Contractors must comply with increasing U.S. and qualifying country content thresholds for manufactured end products—65 percent in 2024 through 2028, and 75 percent starting in 2029.
A discretionary “alternate domestic content” test will allow some contractors to lock in the applicable threshold for a contract’s entire period of performance.
A “fallback threshold” allows agencies to use a 55 percent domestic content threshold until 2030 under certain circumstances.

On February 15, 2024, the Department of Defense (DoD) issued a final rule that amends the Defense Federal Acquisition Regulation Supplement (DFARS) and imposes higher U.S. and qualifying country content requirements for certain DoD procurements. As we discussed at the time of the proposed rule, this represents the U.S. government’s overall push to ensure that products and services it acquires are manufactured domestically. The final rule implements President Biden’s January 28, 2021 Executive Order, “Ensuring the Future Is Made in All of America by All of America’s Workers,” and follows a similar rule amending the applicable Federal Acquisition Regulation (FAR) clauses published on March 7, 2022. The DoD’s final rule is effective as of February 15, 2024—the date of its publication.

Consistent with the final rule amending applicable FAR clauses, the DoD’s final rule increases the U.S. and qualifying country content threshold for manufactured end products to 65 percent for products delivered in 2024 through 2028, and further to 75 percent for products delivered in 2029 and later. While the final rule generally requires contractors to comply with the threshold in effect when the product is delivered, it provides the same “alternate domestic content” (ADC) test that was included in the FAR clauses. The ADC test will allow contractors to “lock in” the threshold applicable at the time of contract award for the duration of the contract, upon approval by the senior procurement executive in consultation with the Office of Management and Budget’s Made in America Office. It must be reiterated, however, that as with the final rule amending the applicable FAR clauses, the ADC test is not a replacement or an alternative test to the component test. Instead, the ADC test provides an avenue for contractors to meet the domestic content threshold in place at the time of contract award.
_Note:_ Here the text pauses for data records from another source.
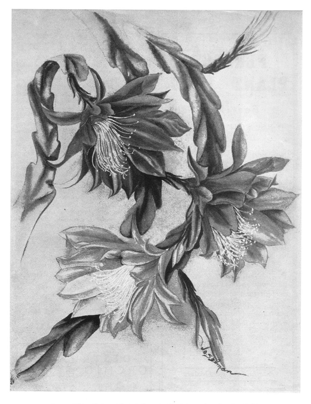
From a Water Color of Epiphyllums by Jo. Selman, Los Angeles, Calif.

around the edge of the pot. Try to pyramid the plant in the pot, so that the water does not settle around the crown, as this often rots big, strong plants. Let the water fall around the edge of the pot, keep the crown high, almost as high as the top of the pot, and you will never be troubled with rot.
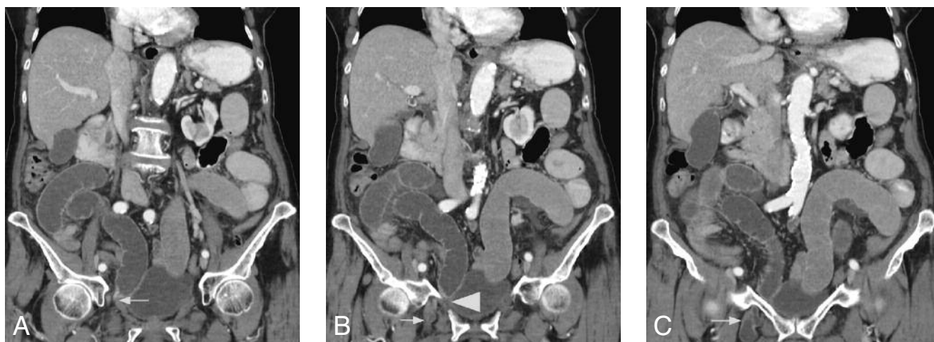
Fig.2. — Reconstructed coronal CT image (A) shows multiple dilated small bowel loops and level of herniated small bowel through the obturator canal (white arrow). B shows multiple dilated small bowel loops and herniated small bowel (white arrow) inferior to the right ramus pubis inferior (arrowhead). C. shows multiple dilated small bowel loops and herniated small bowel (white arrow) inferior to the right ramus pubis inferior.

obturator hernia was made. Patient was taken into surgery room for laparoscopic repair.
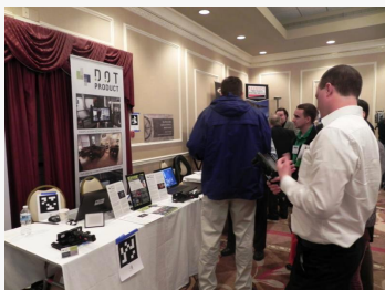
Convention attendees interacting with exhibitors.
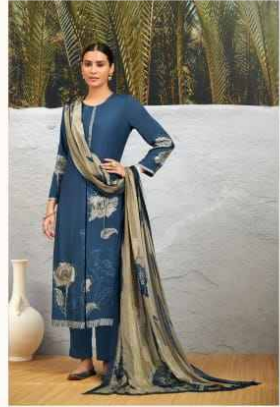
• 556 •
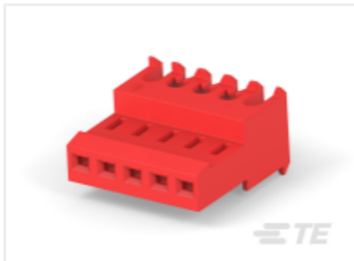
TE Part # CAT-104MTA-NGPNR Nylon Gold Plated Receptacle: 2.54 mm, no Mating Alignment
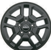
R15 - 38.02 cm (15") Glossy Black Alloy Wheels
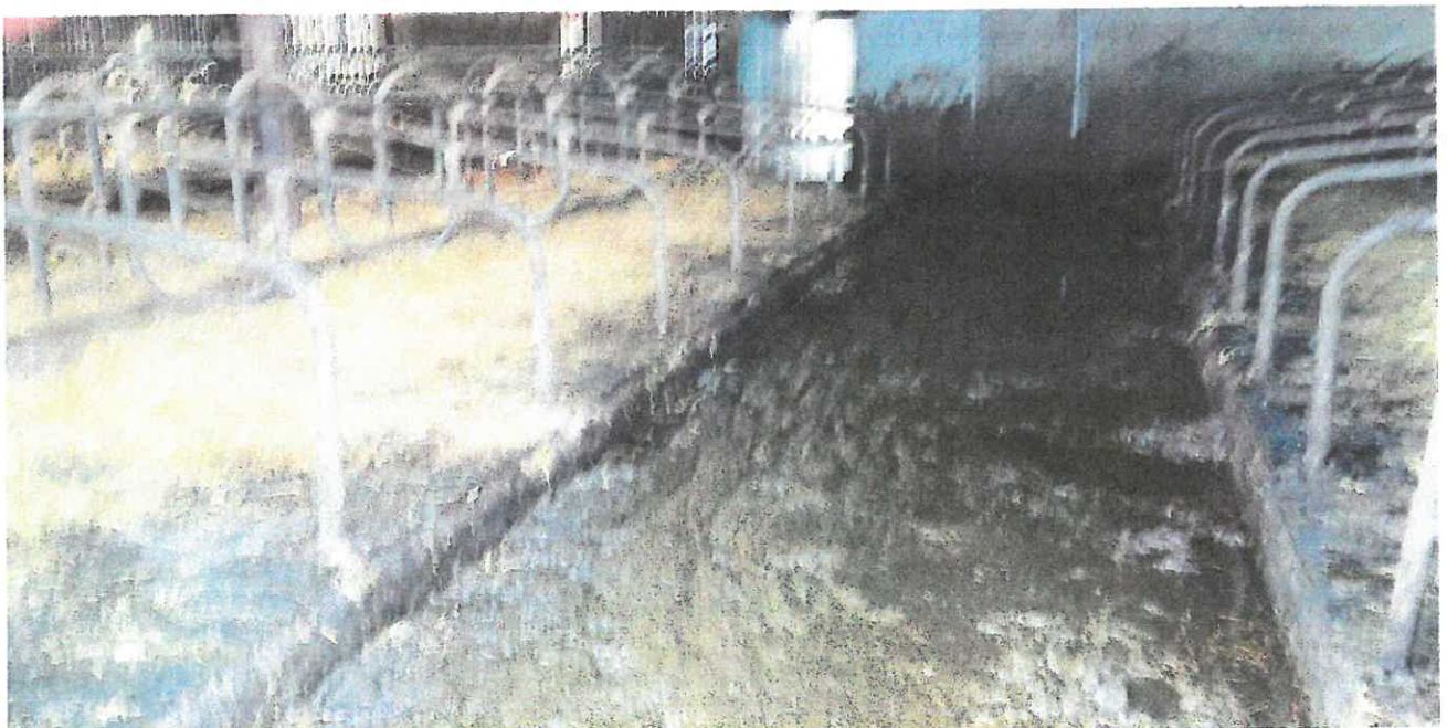
Fig 2. One of the cubicle sheds adjacent to the parlour.

The 120 milking cows are housed on cubicles across three buildings with sawdust being used as bedding. The cubicles are scraped out twice a day along with the collecting yard, cow access areas and the outdoor feeding area.
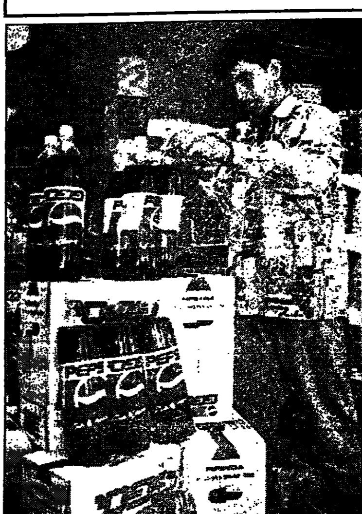
A Palestinian shop clerk arranges a display of Pepsi Cola bottles in an Al-Bireh store, after the Palestinian Authority gave merchants until tomorrow to get rid of their stocks or have them seized. The PA temporarily banned Pepsi sales after discovering a defective shipment was distributed in the territories.
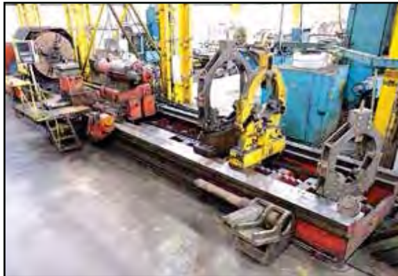
Betts 100" x 312" Heavy-Duty CNC Lathe
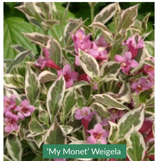
'My Monet' Weigela
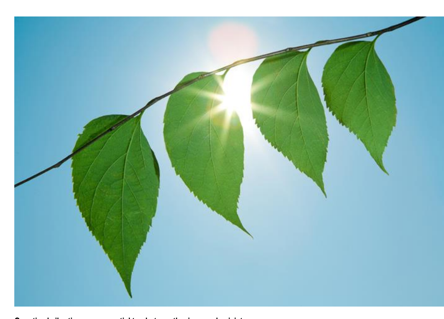
Quantized vibrations are essential to photosynthesis, say physicists

qubit's energy levels amounts to about 0.001 eV, whereas a typical laptop battery stores a few 10^{24} \text{ eV} . "These devices will not replace normal batteries," he says.
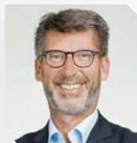
UWE CLASS ZF Friedrichshafen
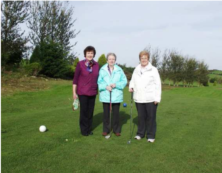
Some of the members of Newry U3A Golf Group. I am sure they will be signing up for Downpatrick!
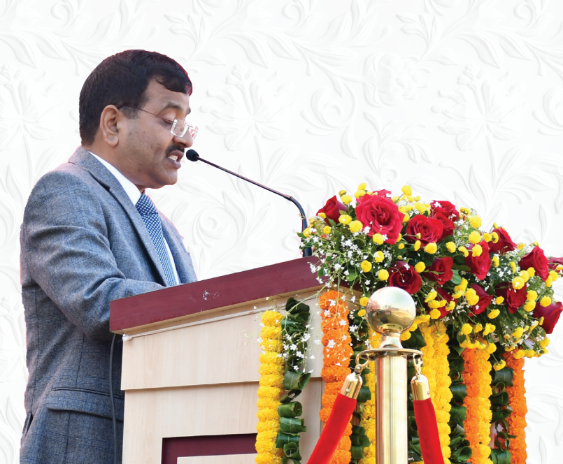
The Principal DPS Ranchi addressing the august assemblage of guests and cohort of students brimming with energy and enthusiasm.
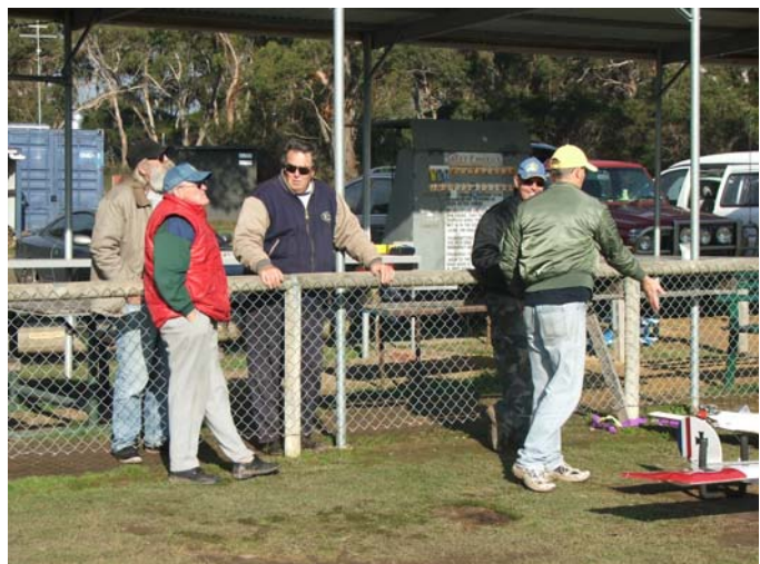
Nothing like a good chinwag to stop the jaws from freezing up
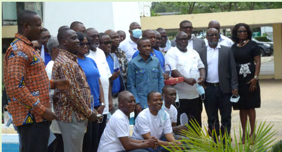
Management Staff and some WASACO award winners in a group photograph

Management of the Volta River Authority (VRA), has served notice that it will continue to beef up and maintain high level of security at the Kpong Generation Station (KGS) and other VRA power installations and subsidiaries nationwide.
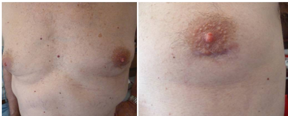
Figure 3 A 1.5-cm additional periareolar access.

eliminates the reported disadvantages. Firstly, because the anterior/superior mediastinal space (6,10-12) including the aortopulmonary window are well displayed on the monitor, the mediastinal fat can be removed extensively. Secondly, because everyone in the operating room can follow the various steps of the operation, the VATT is simpler to learn.
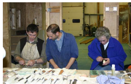
Shetland whittling workshop.
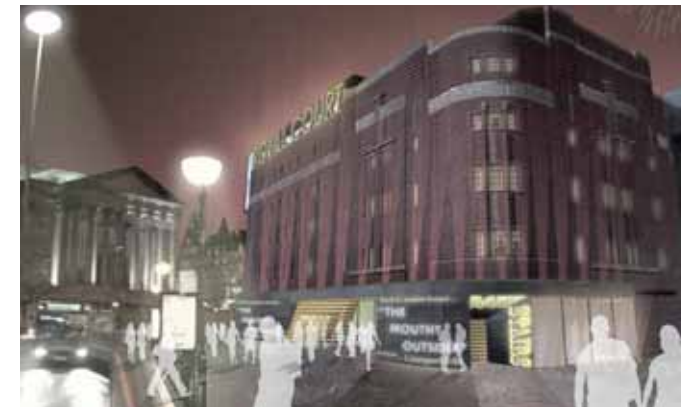
Trustees selected AHMM's designs for the new-look Royal Court
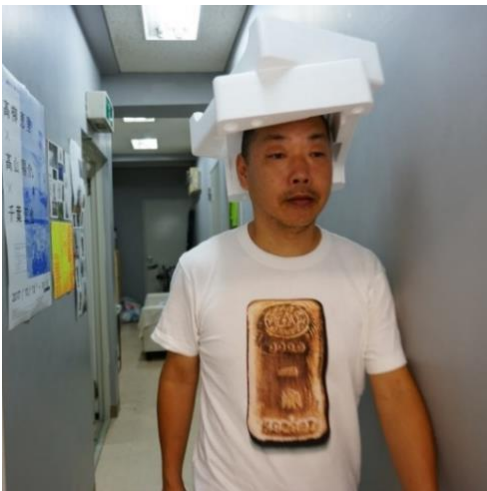
6. Portrait of the artist

The final rule also allows for the use of a “fallback threshold” of 55 percent until January 1, 2030, where products meeting a higher threshold are unavailable or the cost to acquire them would be unreasonable.

Finally, the final rule provides for the use of enhanced price preferences for products deemed to be “critical items” or made up of “critical components.” Consistent with the final FAR rule, however, the DoD’s final rule states that the framework for the enhanced price preference will be set forth in another rulemaking under the currently pending FAR Case 2022–004.

DoD contractors at all tiers should assess these changes to ensure their products and supply chains comply with the new rules.